● **Task description**
When you reach the line with "The Glacier fixture", start repeating the lines exactly and keep going to the end of the records, but drop every picture.
··· Exercise input
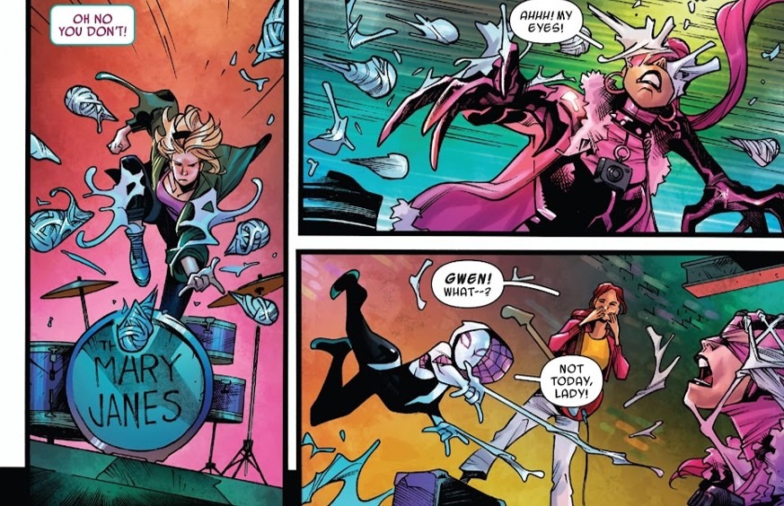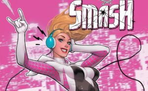 GWEN SMASH! Happy holidays, everybody! I am not quite sure if this will be my last review for the year, but just in case, I’d like to wish everybody a very Merry Christmas and a Happy New Year in advance. As always, it has been a great honor and pleasure to read and write about all my favorite Spidey books. And this week, it is a privilege to give some of my thoughts on the new Spider-Gwen title. It’s promising already to be a fun, light, and colorful adventure for Gwen ahead. We all know that Gwen has had to deal with very serious events in recent memory. But now, we get to sit back, relax and enjoy her doing her “rock star” thing, while also still living out her superhero dream… or responsibility, should I say?
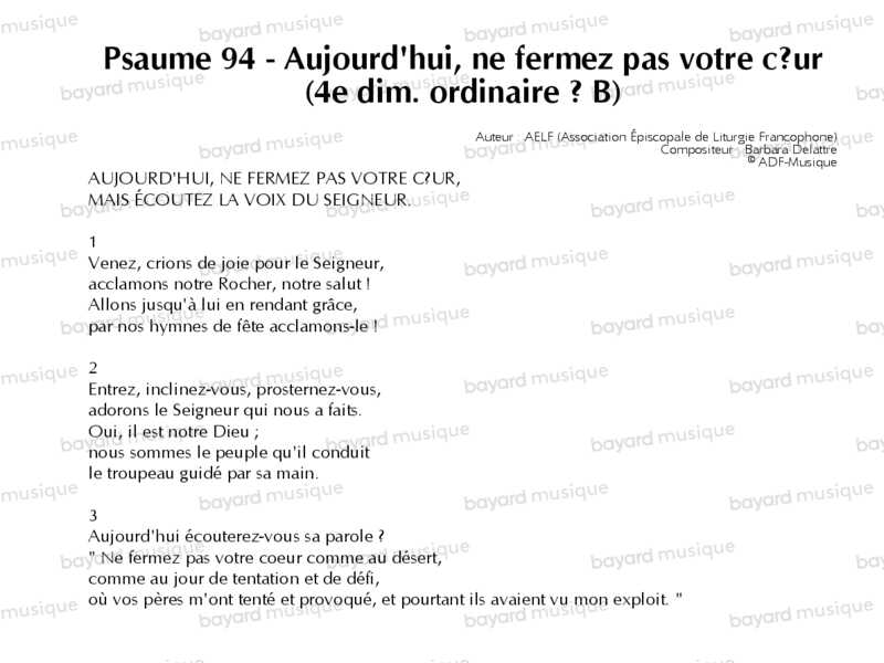 Psaume 94 "Aujourd'hui, ne fermez pas votre cœur" (4e dimanche du temps ordinaire, année B)
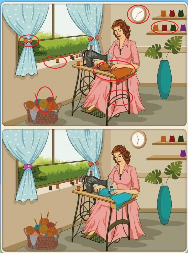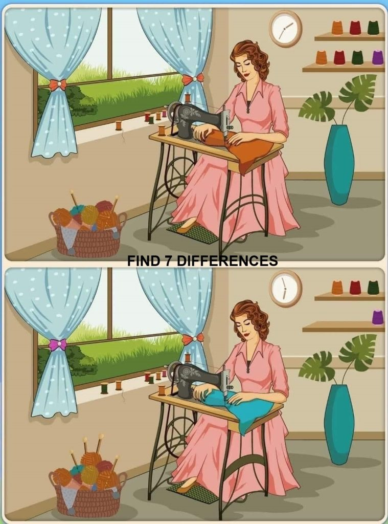 “Spot the Difference” puzzles aren’t just for killing time—they’re fun, engaging brain workouts that help you stay mentally sharp. This particular one with the woman sewing by the window might look calm and peaceful, but beneath the surface lies a clever test of observation.
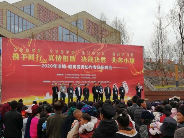 两名彝族群众同一天找到工作,源于一场劳务协作专场招聘会。绵阳市涪城区是凉山州昭觉县省内劳务协作对口帮扶地。6月9日,由绵阳市涪城区和凉山州昭觉县两地党委、政府联合主办,绵阳市涪城区援建昭觉县前线指挥部、涪城区、昭觉县两地人社部门等多家单位具体承办的一场专门针对解决昭觉县易地扶贫搬迁贫困群众就业问题的扶贫专场招聘会,在昭觉县城北乡沐恩邸社区举办。
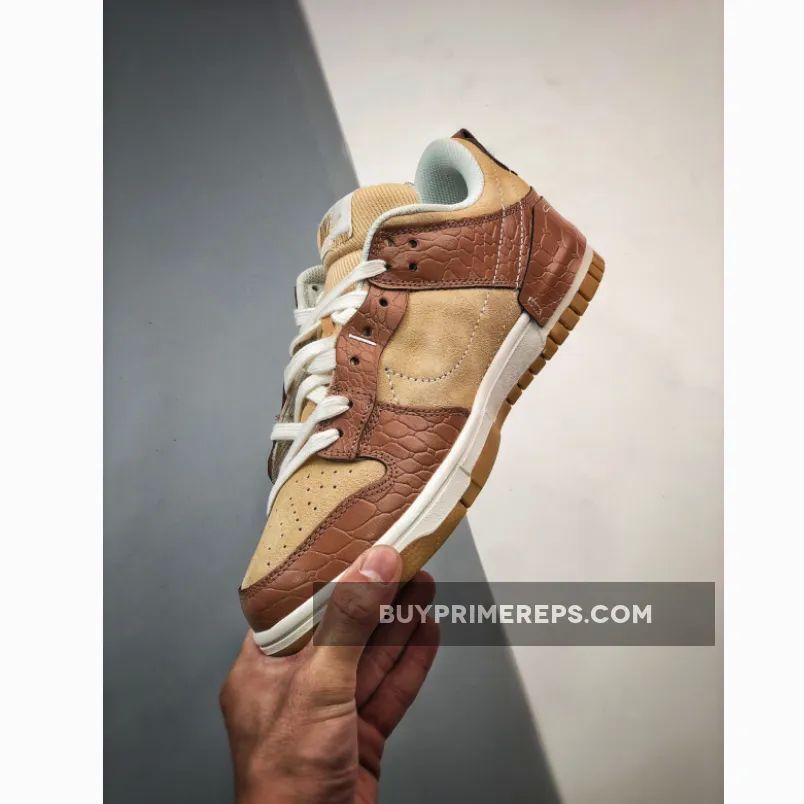 Introducing the Nike Dunk Low Disrupt 2 in the stunning “Brown Croc” colorway. This sneaker is the perfect choice for those looking to add a touch of luxury to their fall wardrobe. With its Tan suede base and Brown croc-textured leather overlays, this shoe exudes sophistication and style.
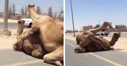 2駱駝公路上「光天化日打野砲」造成嚴重大塞車!0:11 超爽低沉呻吟PK喇叭聲!(影片)
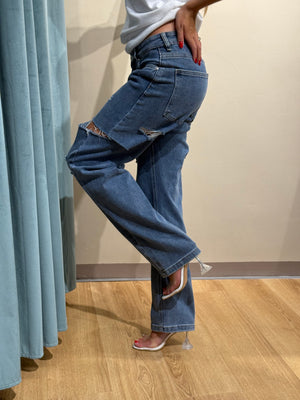 Realizzati in denim resistente, presentano cinque tasche classiche e dettagli di strappi strategici sulle ginocchia, e non solo, per un tocco contemporaneo e grintoso.
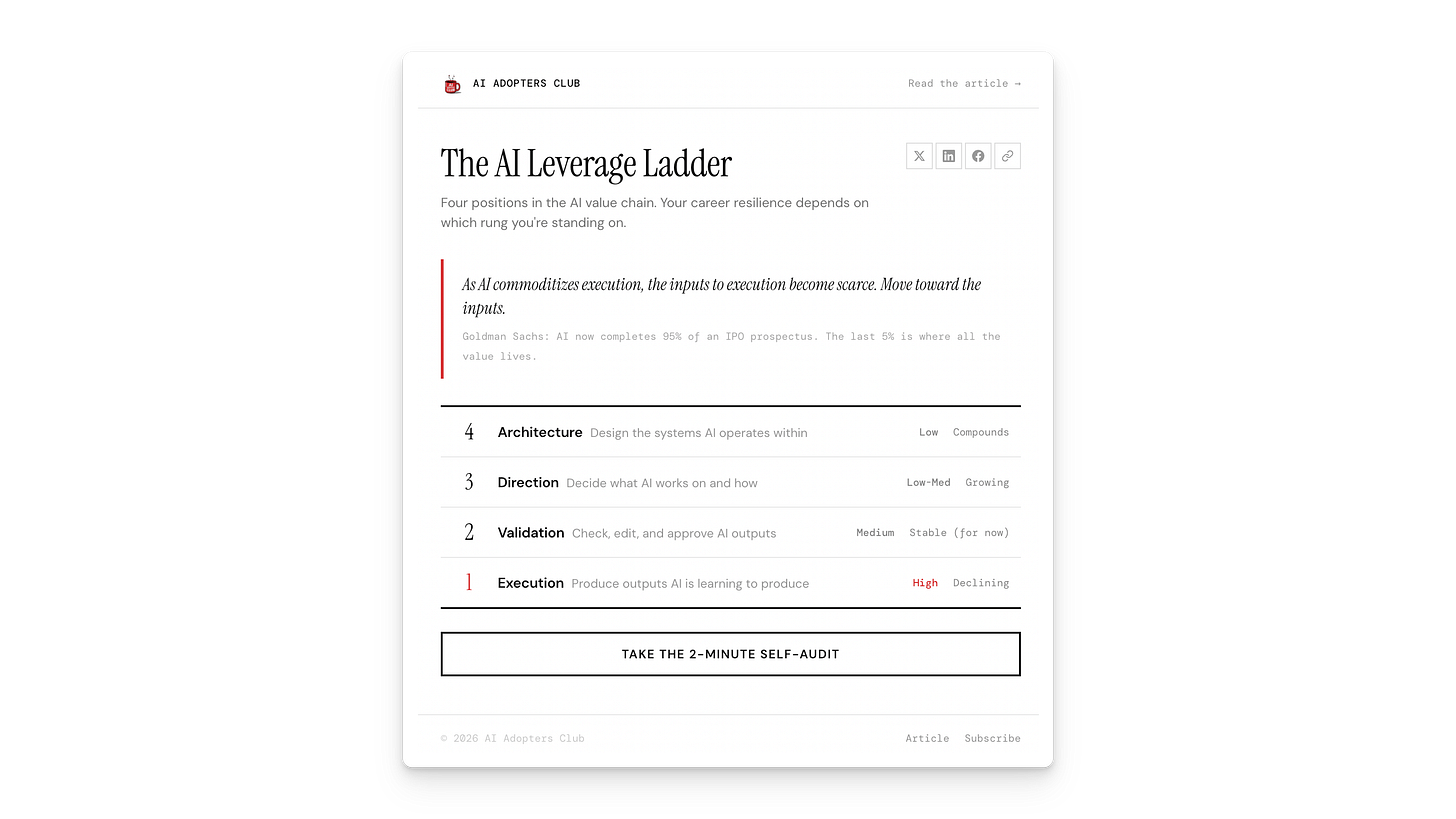 Love this ladder framing: way more actionable than the usual “learn to prompt” advice. I especially like the shift from job titles to “where you sit in the value chain”; it’s a clean mental model for deciding what to say yes/no to in your week.
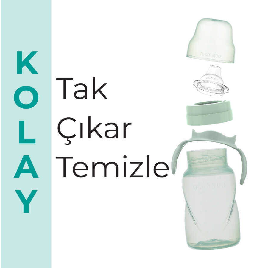 Mamajoo Kulplu Akıtmaz Alıştırma Bardakları, bebeklerin kendi başlarına içmeyi öğrenmelerine destek olmak ve biberondan bardağa geçiş sürecini kolaylaştırmak için yardımcıdır. BPA ve Fitalat içermeyen gıdaya uygun yüksek kaliteli malzemelerden üretilmiştir.
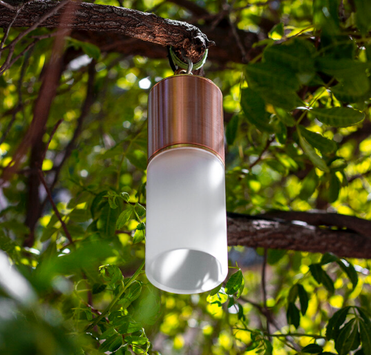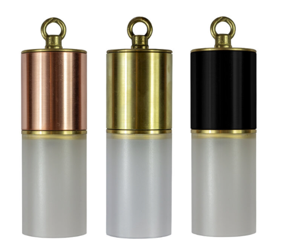 The Glacier fixture is available in the following finishes with a frosted acrylic shade: machined copper, brass, or brass with black Cerakote®.
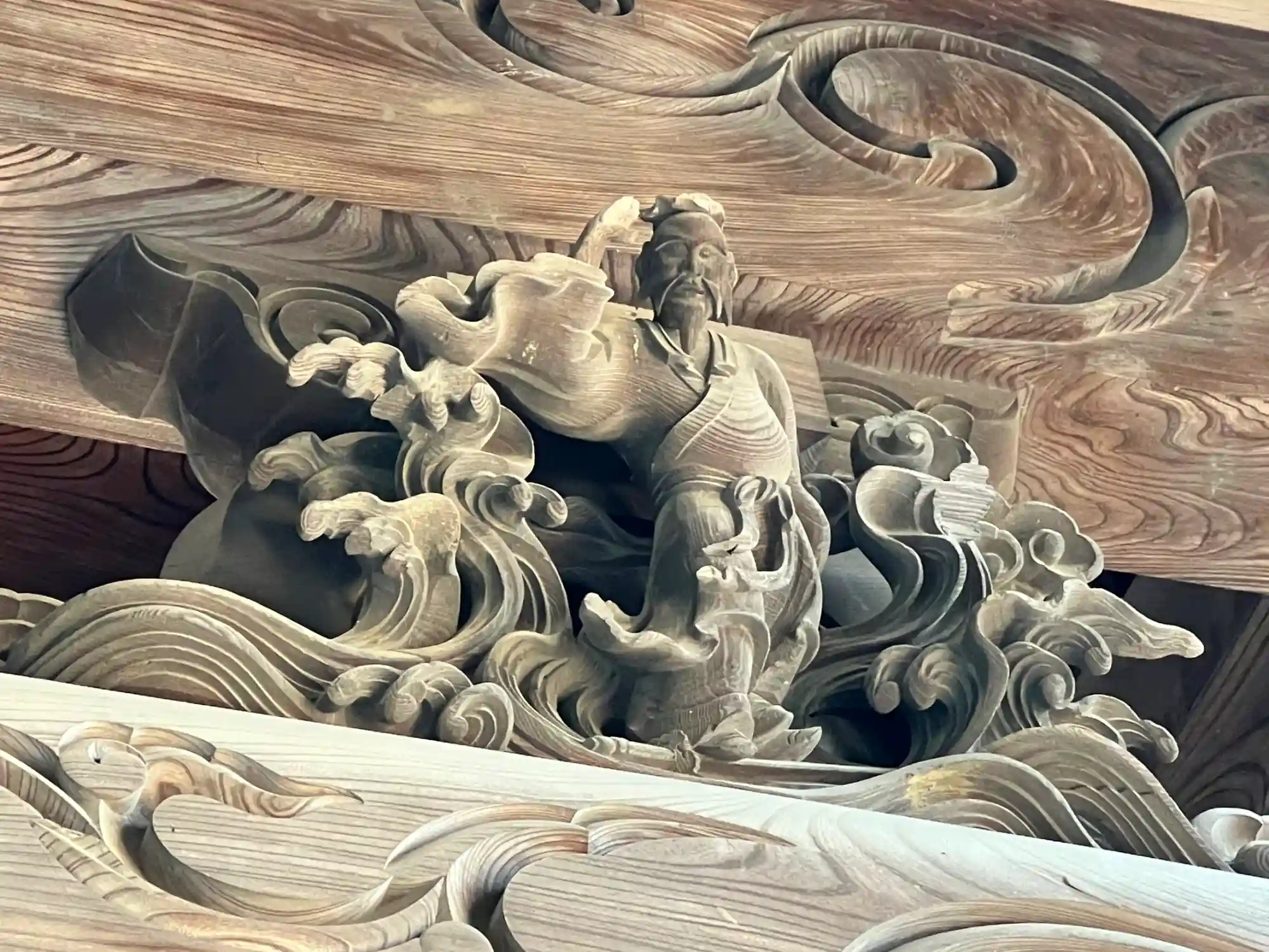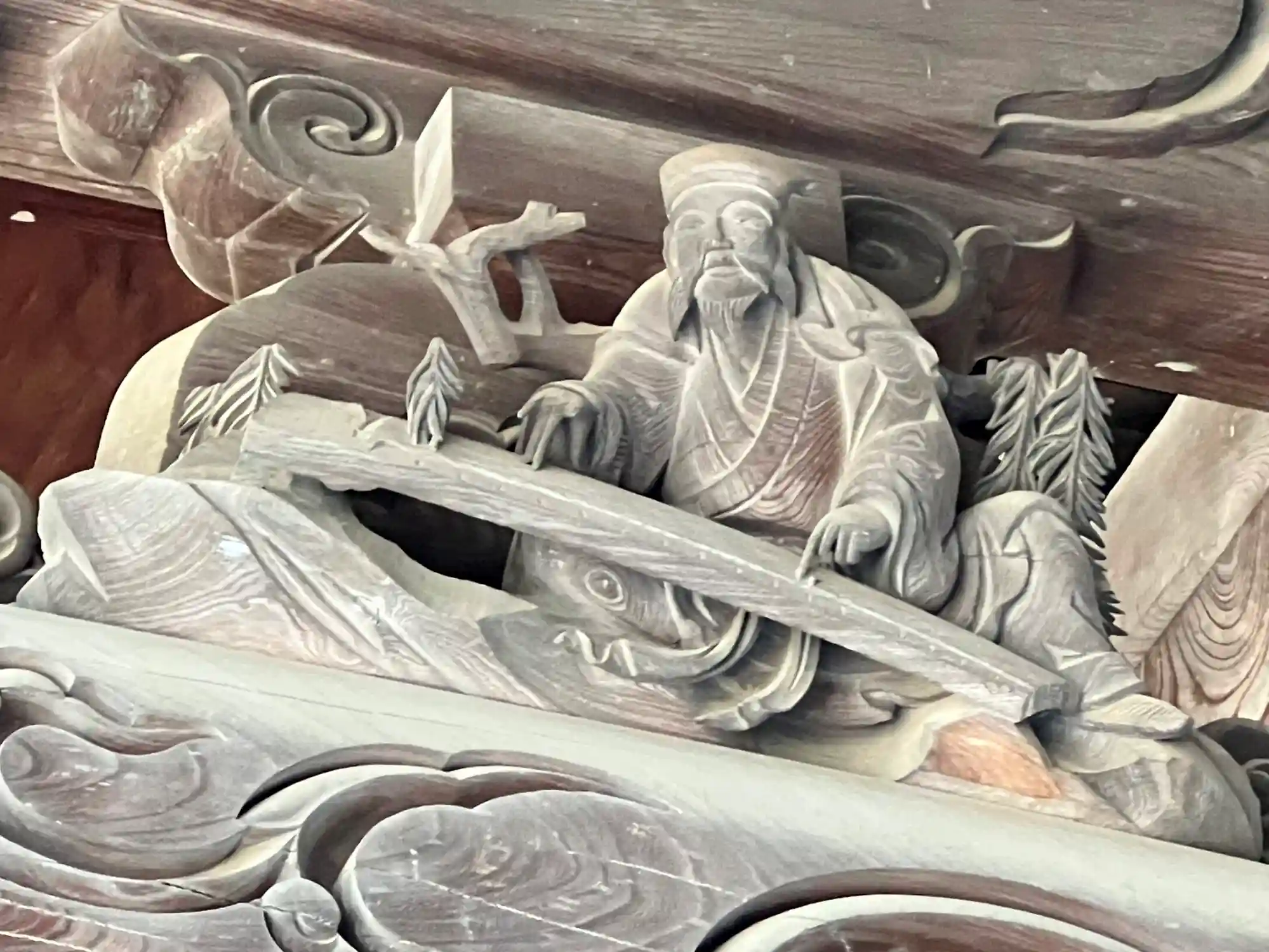 <山門>の1階部分上部蟇股の彫刻「八仙」③。
······
● **Response box**
 The Glacier fixture is available in the following finishes with a frosted acrylic shade: machined copper, brass, or brass with black Cerakote®.
 <山門>の1階部分上部蟇股の彫刻「八仙」③。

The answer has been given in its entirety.